Source: The Stage
Macbeth
Albery
Picture: Tristram Kenton
This must be the swiftest and noisiest Scottish Play ever staged. It starts with a total blackout, broken by lightning flashes and thunder claps. Then we catch first sight of the Weird Sisters - three gorgeous redheads in black strapless gowns enjoying a coven dance around a circle of living flame.
Edward Hall with his regular designer Michael Pavelka has carried over the staging style from his RSC Henry V, a rugged all-purpose set on more than one level. It is again lit by Ben Ormerod, even having Malcolm's English allies as machine-gun squaddies with 'En-ger-land' emblems on their helmets. While from his recent Rose Rage revival, we have a mix of timeless and modern metropolitan costume, plus plentiful blood.

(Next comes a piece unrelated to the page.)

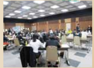
キャリア形成について、気持ちの充実度をあげるための手立てなどを参加者同士でも交流しました。

But the real excitement comes with the casting of Sean Bean and Samantha Bond as a devoted married couple, passionate lovers falling into a sensuous embrace the moment he returns from the wars.

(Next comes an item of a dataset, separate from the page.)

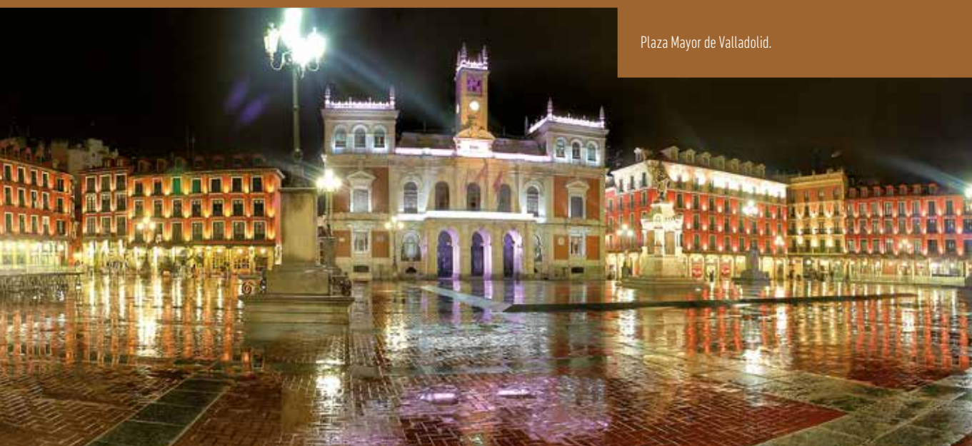
Plaza Mayor de Valladolid.

Santo Domingo de Silos tiene una vinculación directa con la historia del castellano ya que aquí se escribieron las Glosas Silenses, una de las primeras manifestaciones escritas en castellano.

As anointed king, Bean dons spectacles, becoming a desk-bound royal administrator. But Bean's fans get an eyeful of his well-developed pecs and abdominal muscles as he goes into an Eastwick bedtime clinch with the Witches. And he speaks the text with admirable clarity in a strong northern accent, at times echoing that spaced-out melodic quality of a Mystery Play performer, although his matter of fact "tomorrow and tomorrow" fails to hit the emotional button.
Oddest moment of the show comes as Adrian Schiller, an ice-cold Malcolm, shapes up for his coronation, rounding up the thanes and about to impose an authoritarian bureaucracy on his bruised and battered Caledonians.